=== PROVIDED MATERIAL ===

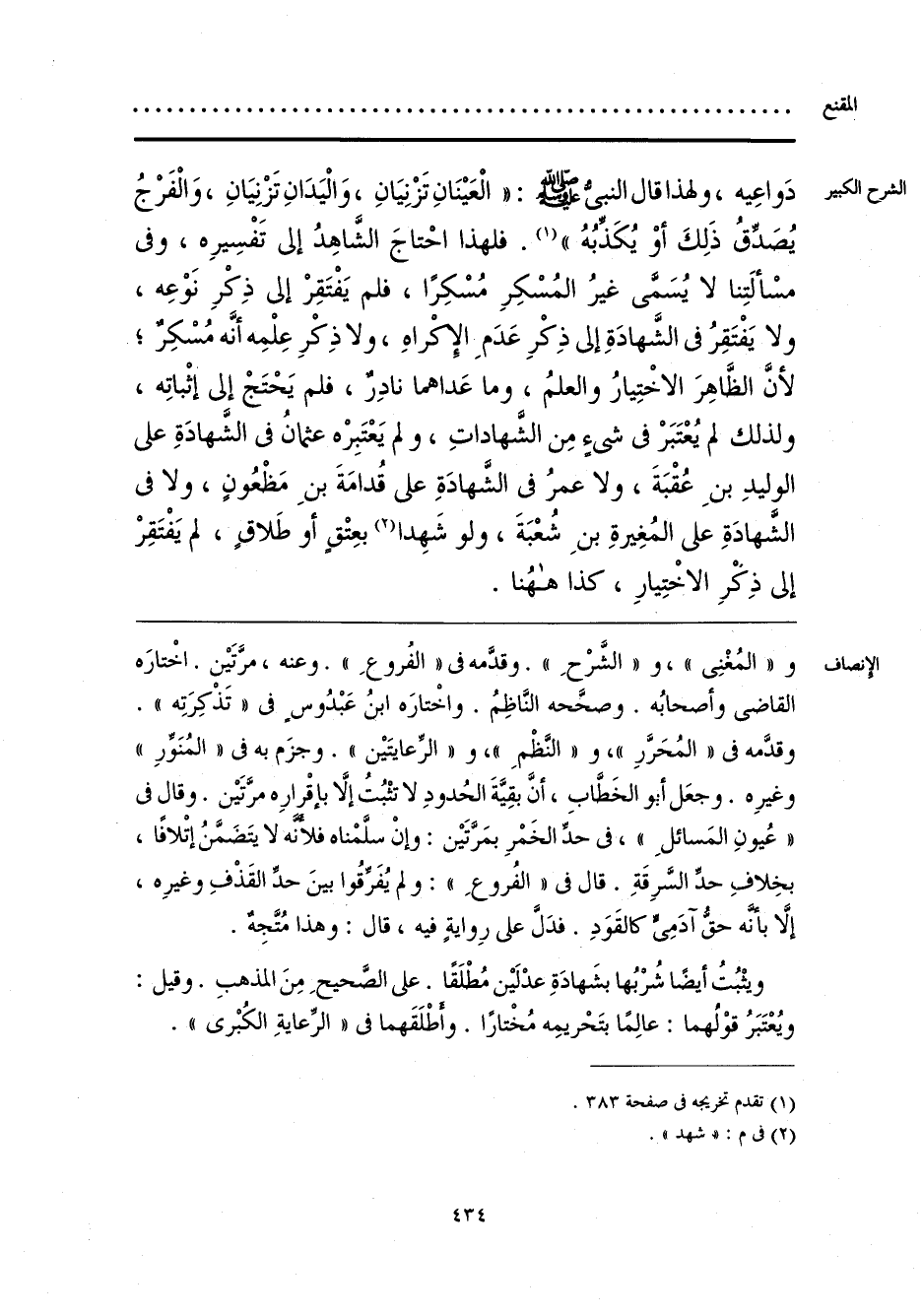 و «المُغنِى»، و «الشَّرْحِ». وقدَّمه فى «الفُروعِ». وعنه، مرَّتَيْن. اخْتارَه القاضى وأصحابُه. وصحَّحه النَّاظِمُ. واخْتارَه ابنُ عَبْدُوسٍ فى «تَذْكِرَتِه». وقدَّمه فى «المُحَرَّرِ»، و «النَّظْمِ»، و «الرِّعايتَيْن». وجزَم به فى «المُنَوِّرِ» وغيرِه. وجعَل أبو الخَطَّابِ، أنَّ بقِيَّةَ الحُدودِ لا تثْبُتُ إلَّا بإقْرِارِه مرتَيْن. وقال فى «عُيونِ المَسائلِ»، فى حدِّ الخَمْرِ بمَرَّتَيْن: وإنْ سلَّمْناه فلأنه لا يتَضَمَّنُ إتْلافًا، بخِلافِ حدِّ السَّرِقَةِ. قال فى «الفُروعِ»: ولم يُفَرِّقُوا بينَ حدِّ القَذْفِ وغيرِه، إلَّا بأنَّه حقُّ آدَمِى كالقَوَدِ. فدَلَّ على رِوايةٍ فيه، قال: وهذا مُتَّجِهٌ.
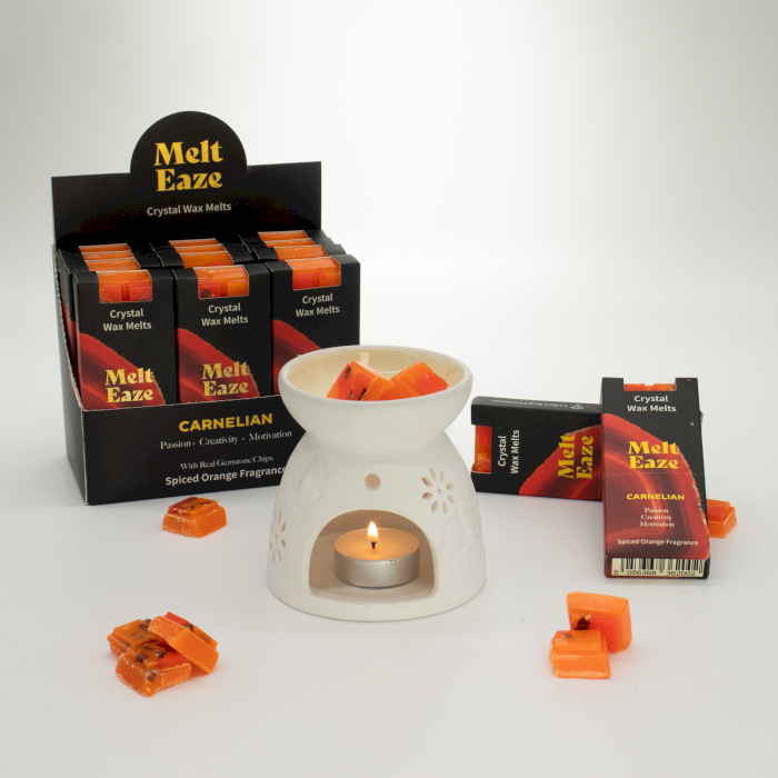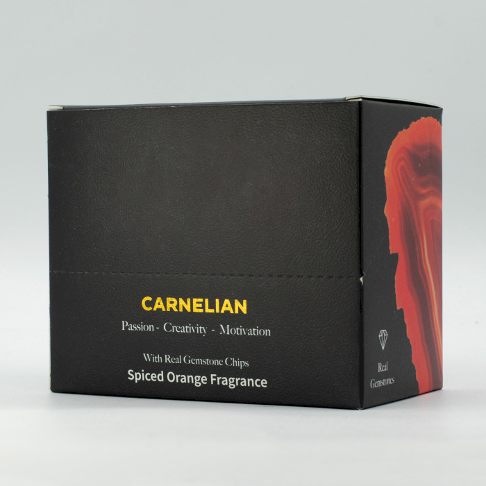 Lorsque la cire fond, des éclats de Cornaline apparaissent, associés à la passion, la créativité et la motivation, ajoutant une dimension énergique et expressive.
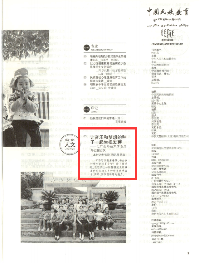 2021年3月,《中国民族教育》第二期以《让音乐和梦想的种子一起生根发芽——记广西师范大学百灵鸟公益团队》为题关注报道我校百灵鸟公益团队先进事迹。据了解,《中国民族教育》是由中华人民共和国教育部主管,中国教育报刊社主办。

===

The listing above should be repeated word for word, pictures removed.

 و «المُغنِى»، و «الشَّرْحِ». وقدَّمه فى «الفُروعِ». وعنه، مرَّتَيْن. اخْتارَه القاضى وأصحابُه. وصحَّحه النَّاظِمُ. واخْتارَه ابنُ عَبْدُوسٍ فى «تَذْكِرَتِه». وقدَّمه فى «المُحَرَّرِ»، و «النَّظْمِ»، و «الرِّعايتَيْن». وجزَم به فى «المُنَوِّرِ» وغيرِه. وجعَل أبو الخَطَّابِ، أنَّ بقِيَّةَ الحُدودِ لا تثْبُتُ إلَّا بإقْرِارِه مرتَيْن. وقال فى «عُيونِ المَسائلِ»، فى حدِّ الخَمْرِ بمَرَّتَيْن: وإنْ سلَّمْناه فلأنه لا يتَضَمَّنُ إتْلافًا، بخِلافِ حدِّ السَّرِقَةِ. قال فى «الفُروعِ»: ولم يُفَرِّقُوا بينَ حدِّ القَذْفِ وغيرِه، إلَّا بأنَّه حقُّ آدَمِى كالقَوَدِ. فدَلَّ على رِوايةٍ فيه، قال: وهذا مُتَّجِهٌ.
 Lorsque la cire fond, des éclats de Cornaline apparaissent, associés à la passion, la créativité et la motivation, ajoutant une dimension énergique et expressive.
 2021年3月,《中国民族教育》第二期以《让音乐和梦想的种子一起生根发芽——记广西师范大学百灵鸟公益团队》为题关注报道我校百灵鸟公益团队先进事迹。据了解,《中国民族教育》是由中华人民共和国教育部主管,中国教育报刊社主办。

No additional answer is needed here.